# Instructions to follow
Pictures in the entries below are excluded; copy only the lines from the one containing "Subie Recycler, Inc." to the one containing "Tutta la fibra", both included.

Information: Begin

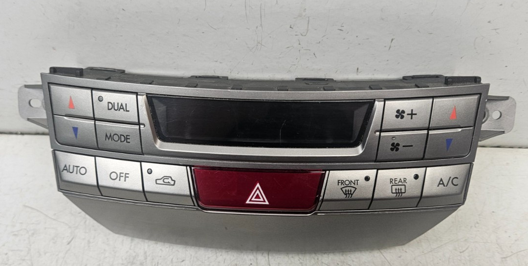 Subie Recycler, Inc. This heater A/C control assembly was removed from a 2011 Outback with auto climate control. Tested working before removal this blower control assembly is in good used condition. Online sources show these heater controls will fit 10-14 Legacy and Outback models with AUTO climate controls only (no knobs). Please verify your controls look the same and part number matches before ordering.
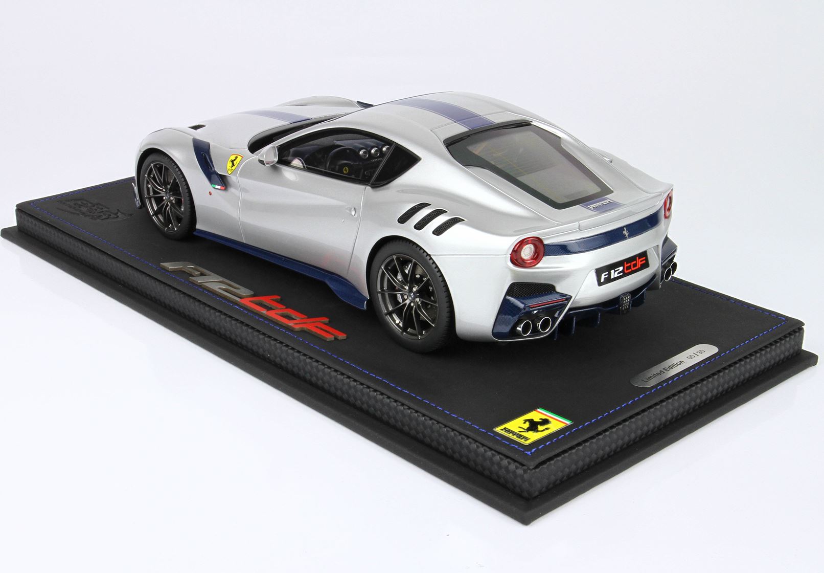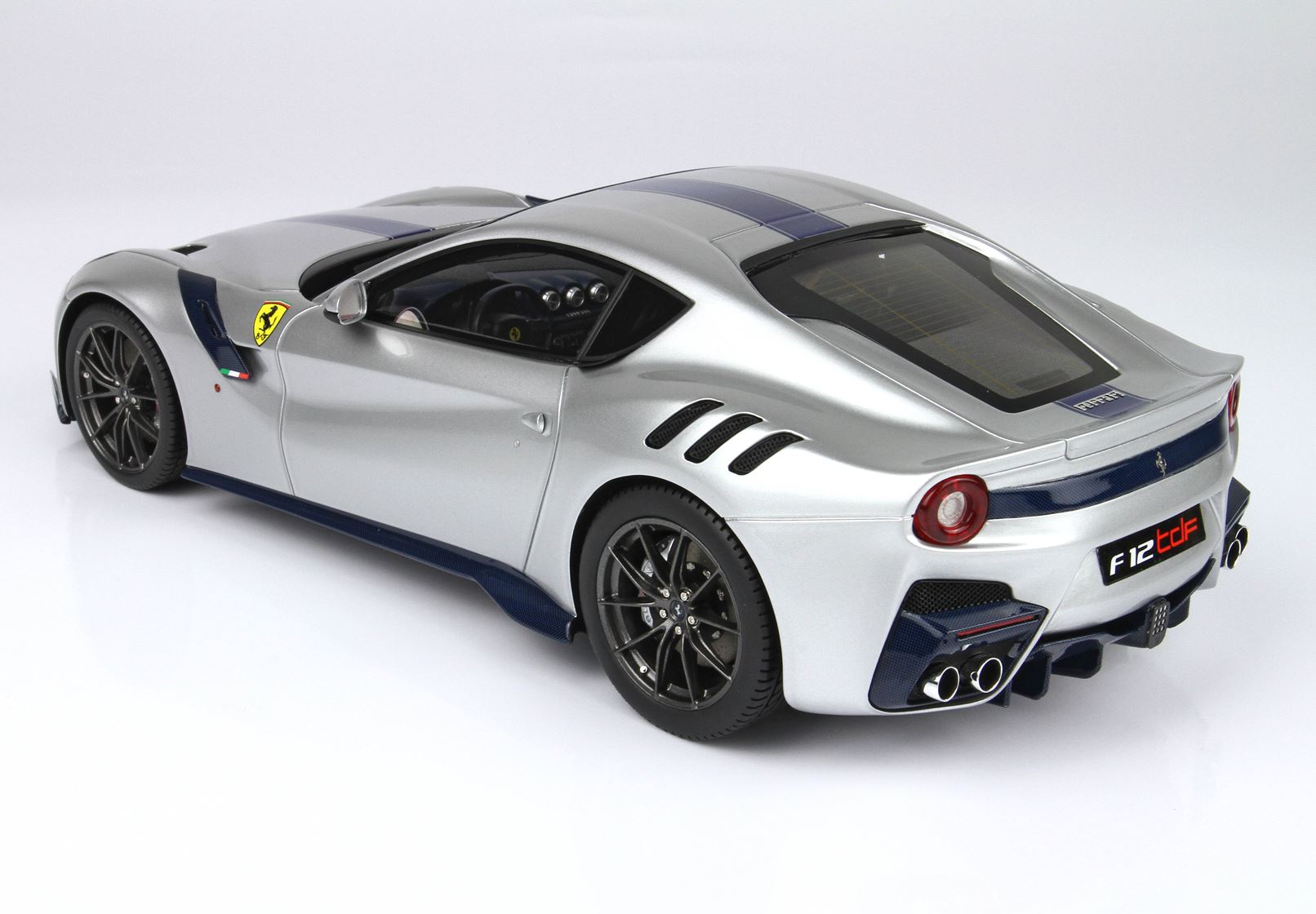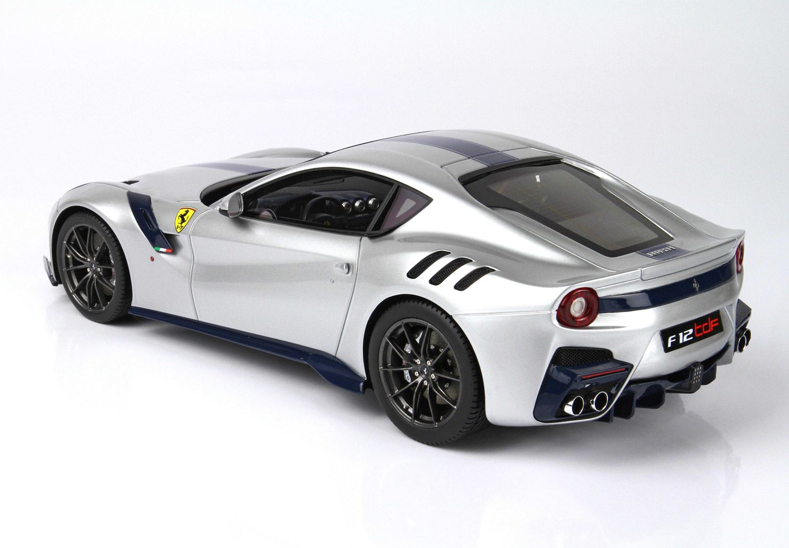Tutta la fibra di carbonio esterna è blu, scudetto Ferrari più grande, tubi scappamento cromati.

Information: End
Information: Begin

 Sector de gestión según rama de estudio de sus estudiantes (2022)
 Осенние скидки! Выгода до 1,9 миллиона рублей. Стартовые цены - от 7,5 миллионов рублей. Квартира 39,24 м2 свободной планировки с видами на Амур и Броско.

Information: End
Information: Begin

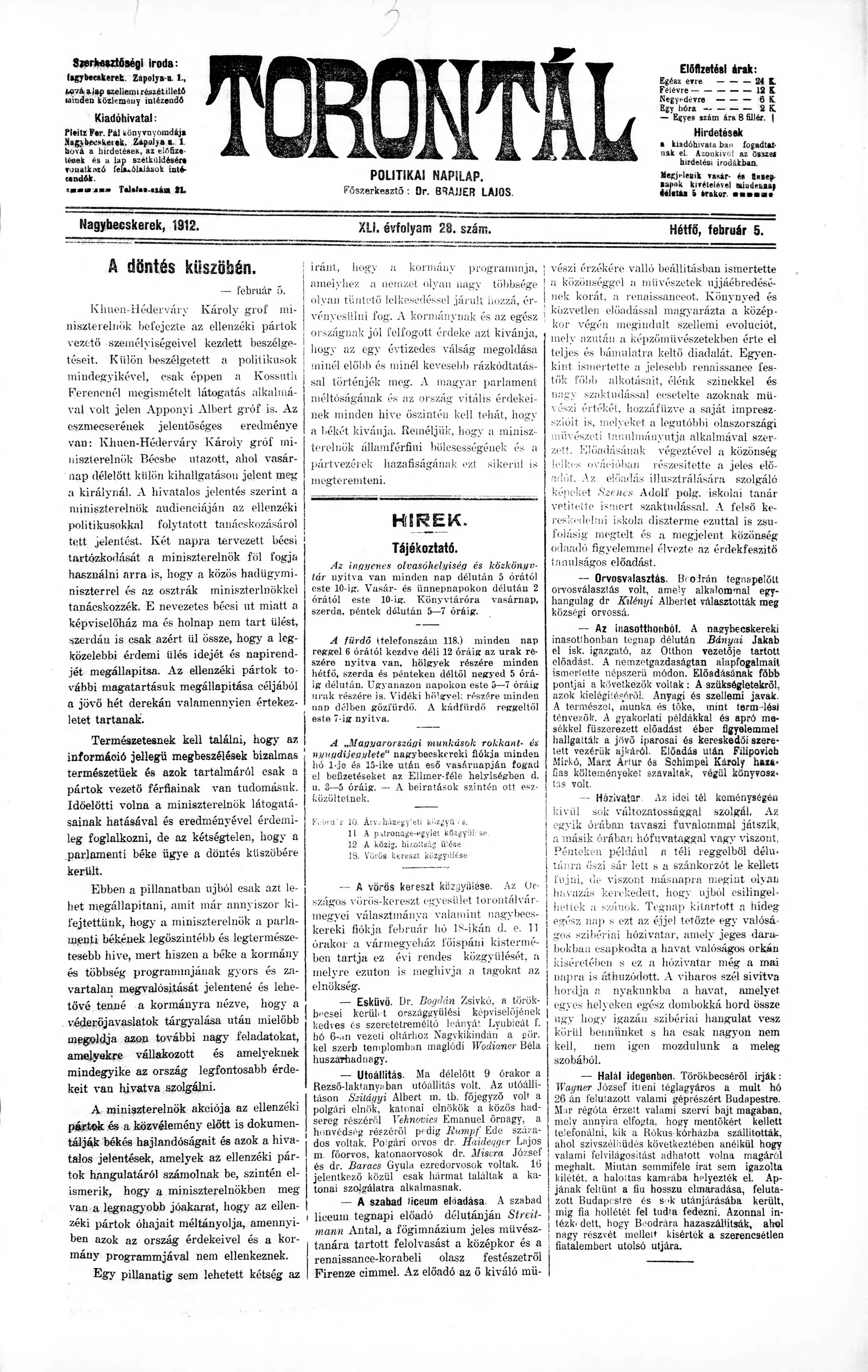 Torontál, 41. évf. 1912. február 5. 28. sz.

Information: End

# Task result
 Subie Recycler, Inc. This heater A/C control assembly was removed from a 2011 Outback with auto climate control. Tested working before removal this blower control assembly is in good used condition. Online sources show these heater controls will fit 10-14 Legacy and Outback models with AUTO climate controls only (no knobs). Please verify your controls look the same and part number matches before ordering.
Tutta la fibra di carbonio esterna è blu, scudetto Ferrari più grande, tubi scappamento cromati.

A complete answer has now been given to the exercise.